Task data ::
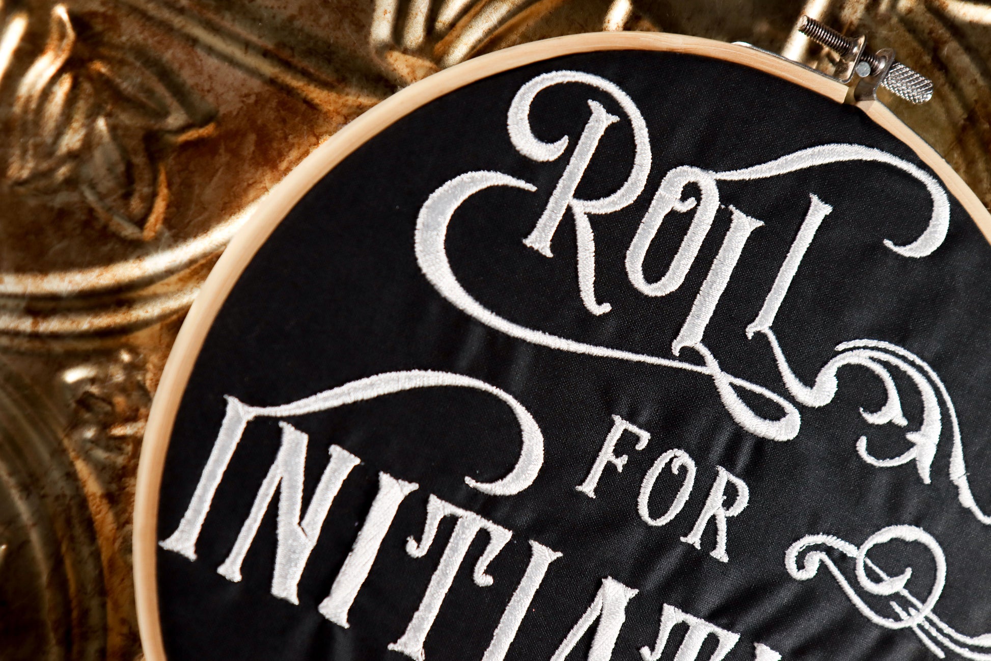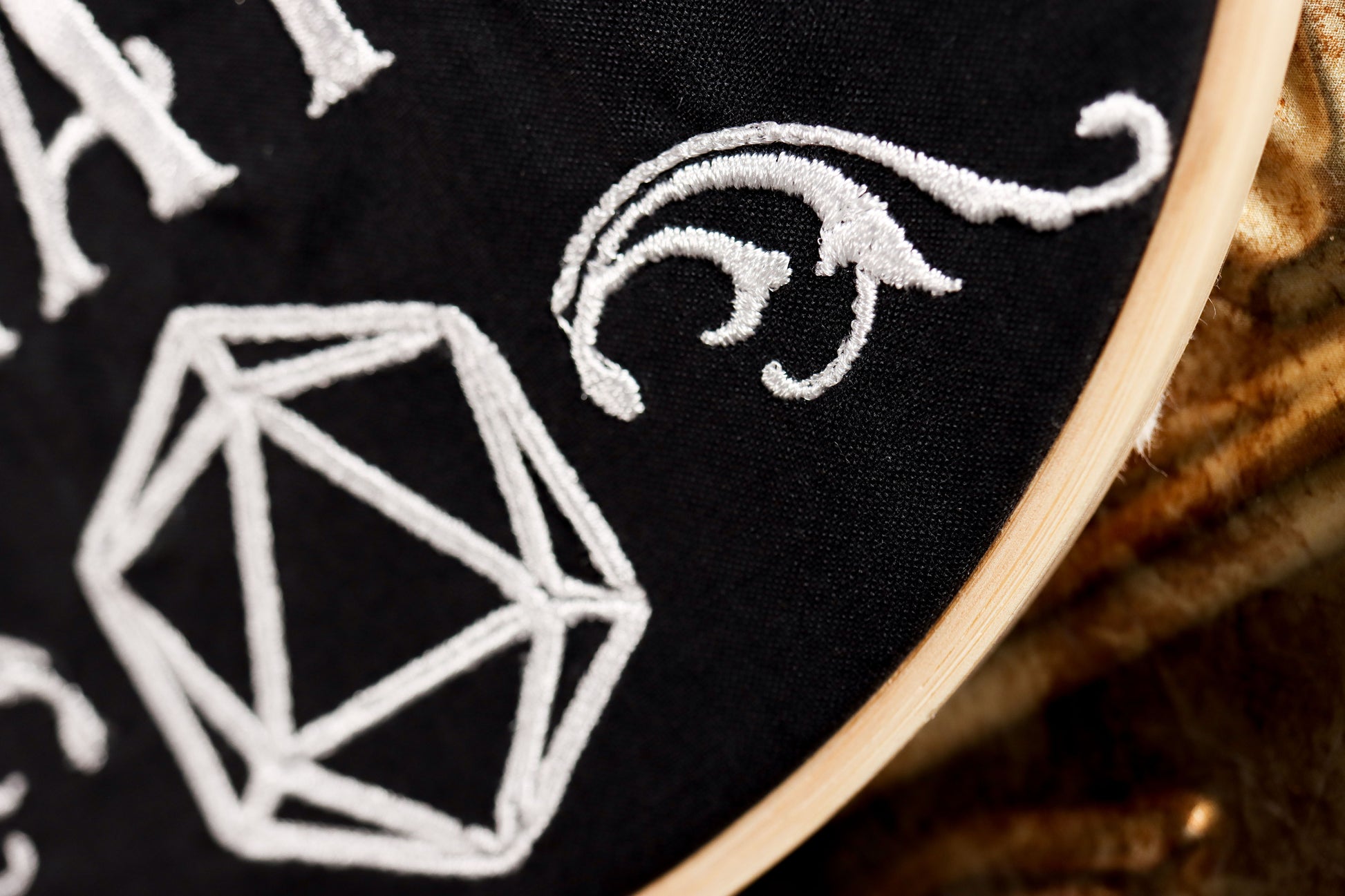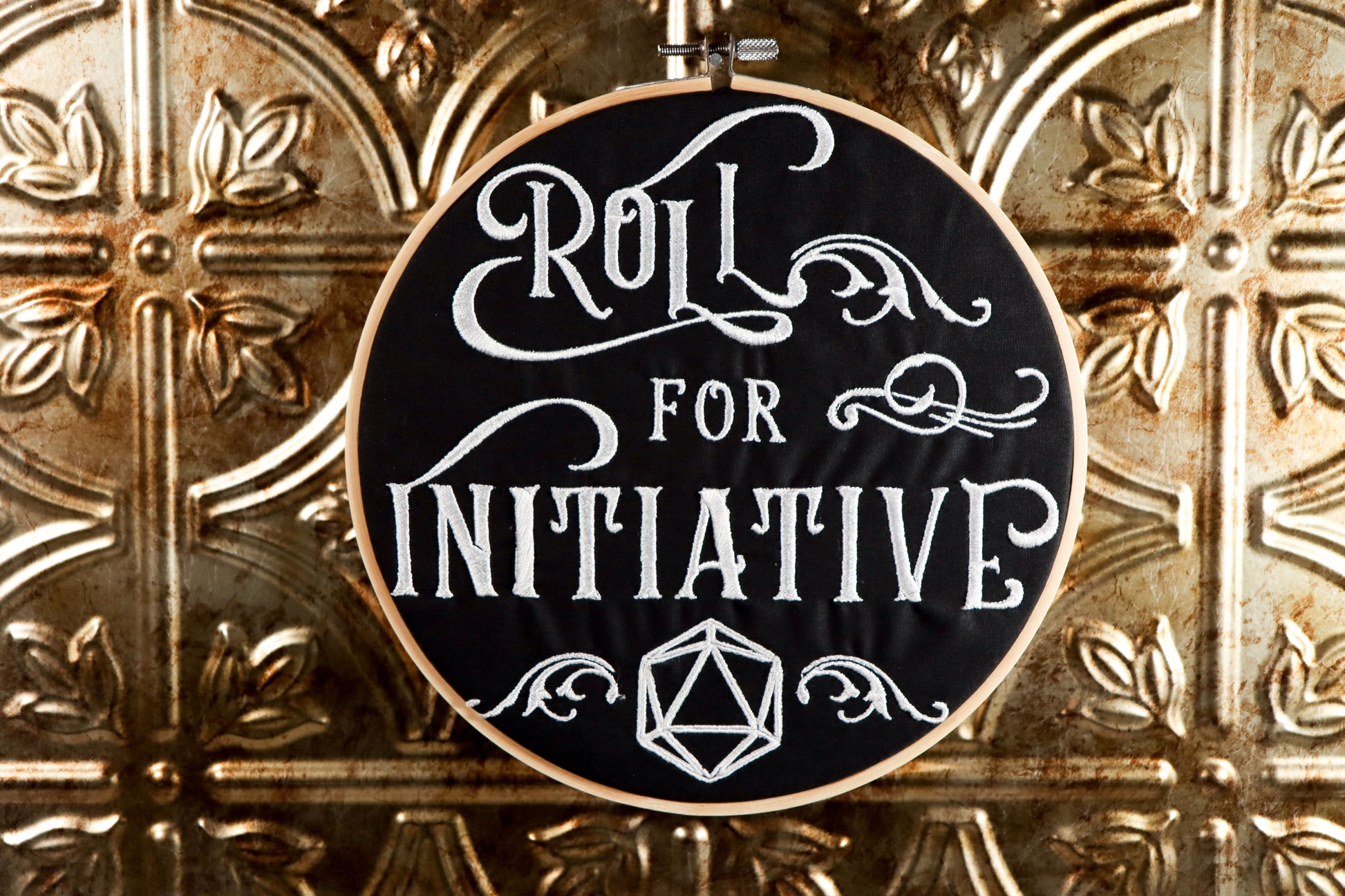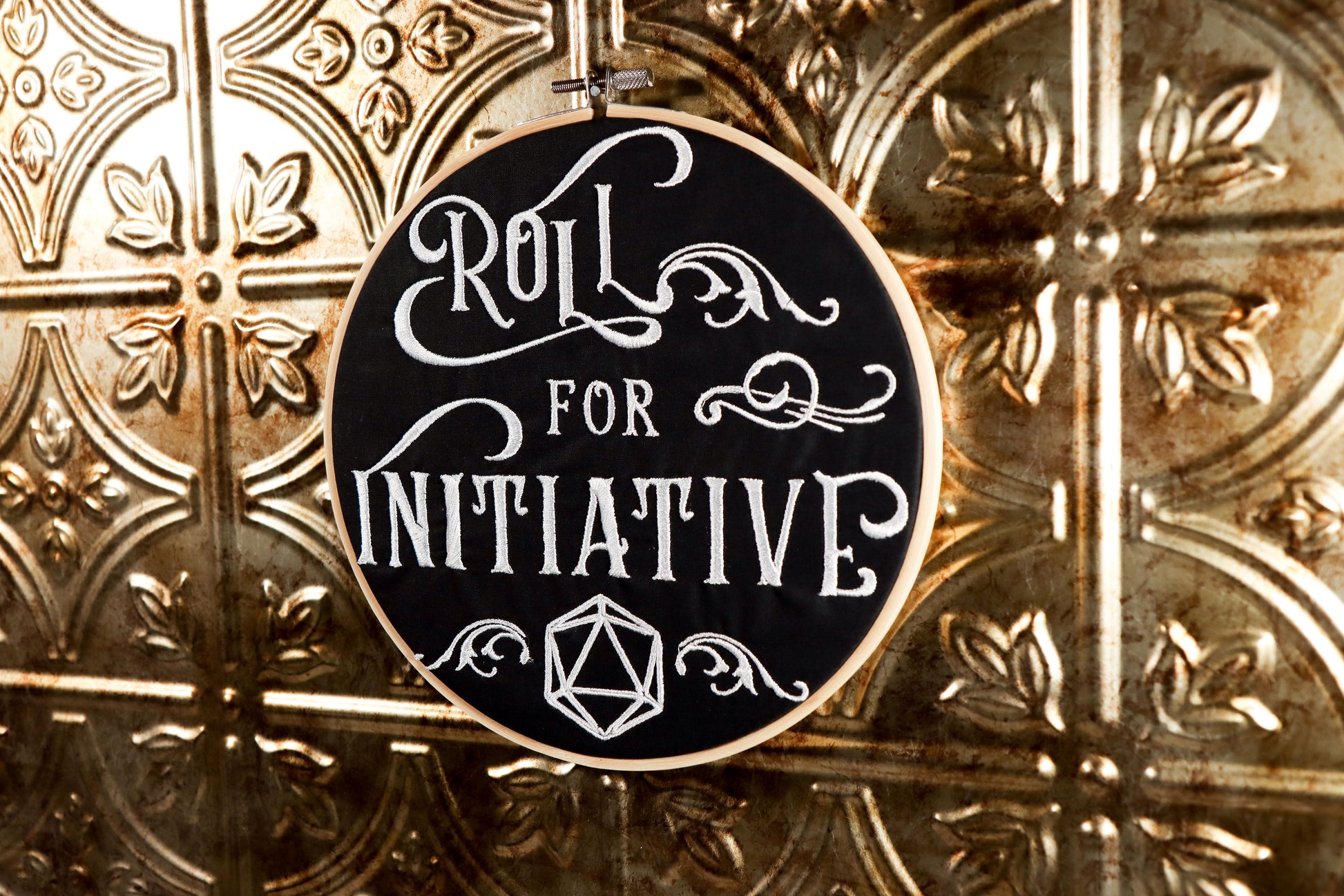 Perfect for game rooms and tables of all kinds, our original Roll For Initiative embroidery hoop design fits your game room aesthetic. Available in a rainbow of colors, and classic black and white, this hoop is sure to entertain your guests, NPCs, and adventurers alike!
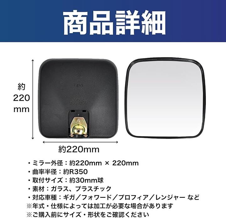 互換品 サイドアンダーミラー トラック 補助ミラー 220mm R350 ギガ フォワード プロフィア レンジャー
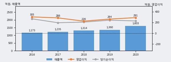 최근 3년간의 실적을 살펴보면 안정적 성장세를 보이고 있다. 최근 3년간 매출로 볼 때 매년 꾸준히 증가하고 있고 그 증가폭도 확대되고 있다.
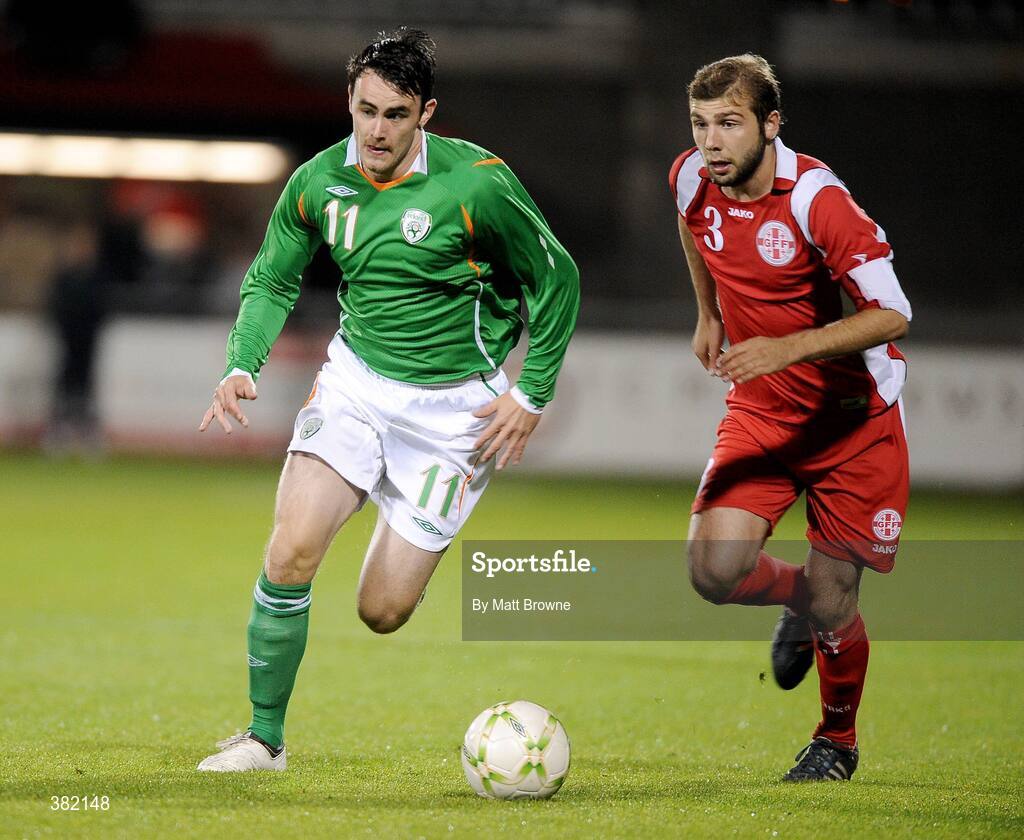9 October 2009; Keith Treacy, Republic of Ireland, in action against Gulverd Tomashvili, Georgia. UEFA European U21 Championship Qualifier, Republic of Ireland v Georgia, Tallaght Stadium, Tallaght, Dublin. Picture credit: Matt Browne / SPORTSFILE
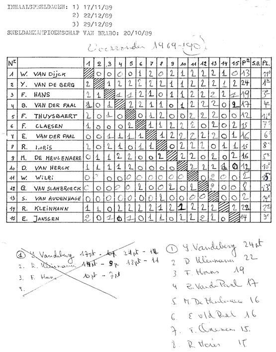 Eindstand (2 ronden) : Behaalde punten Totaal punten 1) Yves Vandeberg 20 ptn. 24 ptn. 2) Marc De Meulenaere 14 ptn. 24 ptn. 3) Roger Kleinmann 14 ptn. 24 ptn. 4) Anton van Drumpt 13 ptn. 24 ptn. 5) Eddy Janssen 8 ptn. 24 ptn. 6) Raoul Alias 7 ptn. 12 ptn. 7) Luc Jennes 5 ptn. 24 ptn. 8) Franz Thuysbaert 2 ptn. 12 ptn.
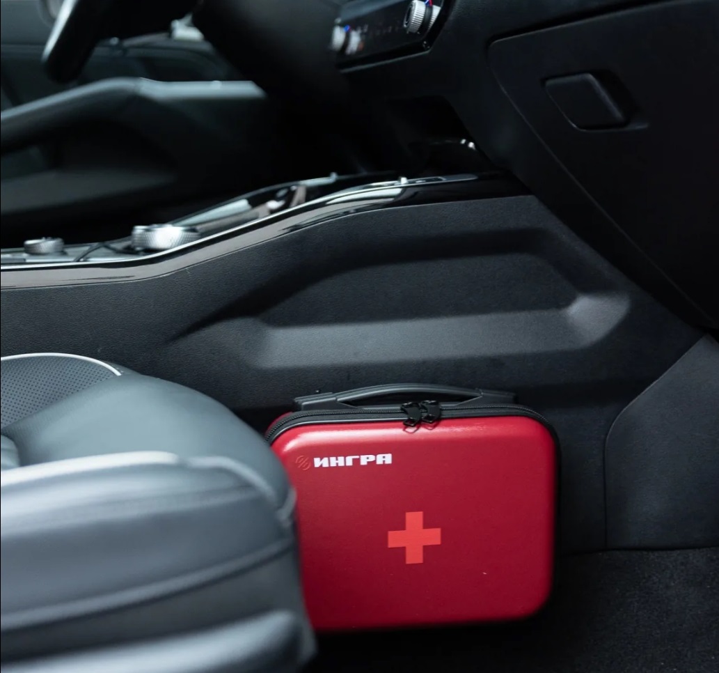 Пластиковый кейс аптечки "ИНГРА" можно установить на любую поверхность, в частности в автомобиле, с помощью крепления на липкой клеевой основе, которое идет в комплекте.
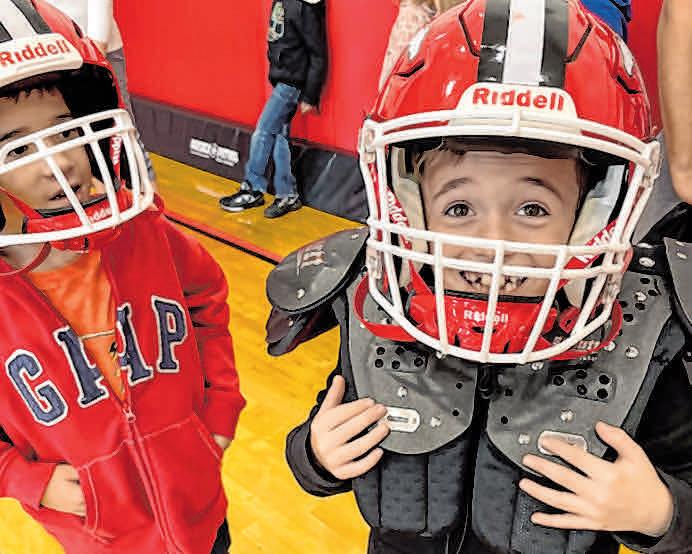 Seniors on the Mineola High School varsity football team visited fourth graders at the Jackson Avenue School to help teach and promote the sport.
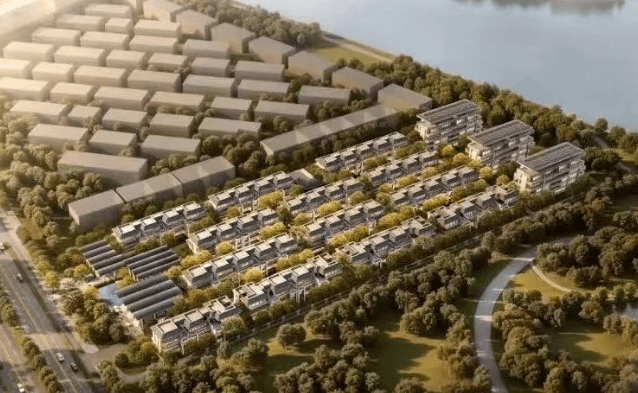拟建16幢住宅,其中13幢为3F联排;3幢5F叠加

Brief ::
Transcribe the listing above in full. Pictures are not part of the copy.

Task output ::
 Perfect for game rooms and tables of all kinds, our original Roll For Initiative embroidery hoop design fits your game room aesthetic. Available in a rainbow of colors, and classic black and white, this hoop is sure to entertain your guests, NPCs, and adventurers alike!
 互換品 サイドアンダーミラー トラック 補助ミラー 220mm R350 ギガ フォワード プロフィア レンジャー
 최근 3년간의 실적을 살펴보면 안정적 성장세를 보이고 있다. 최근 3년간 매출로 볼 때 매년 꾸준히 증가하고 있고 그 증가폭도 확대되고 있다.
9 October 2009; Keith Treacy, Republic of Ireland, in action against Gulverd Tomashvili, Georgia. UEFA European U21 Championship Qualifier, Republic of Ireland v Georgia, Tallaght Stadium, Tallaght, Dublin. Picture credit: Matt Browne / SPORTSFILE
 Eindstand (2 ronden) : Behaalde punten Totaal punten 1) Yves Vandeberg 20 ptn. 24 ptn. 2) Marc De Meulenaere 14 ptn. 24 ptn. 3) Roger Kleinmann 14 ptn. 24 ptn. 4) Anton van Drumpt 13 ptn. 24 ptn. 5) Eddy Janssen 8 ptn. 24 ptn. 6) Raoul Alias 7 ptn. 12 ptn. 7) Luc Jennes 5 ptn. 24 ptn. 8) Franz Thuysbaert 2 ptn. 12 ptn.
 Пластиковый кейс аптечки "ИНГРА" можно установить на любую поверхность, в частности в автомобиле, с помощью крепления на липкой клеевой основе, которое идет в комплекте.
 Seniors on the Mineola High School varsity football team visited fourth graders at the Jackson Avenue School to help teach and promote the sport.
拟建16幢住宅,其中13幢为3F联排;3幢5F叠加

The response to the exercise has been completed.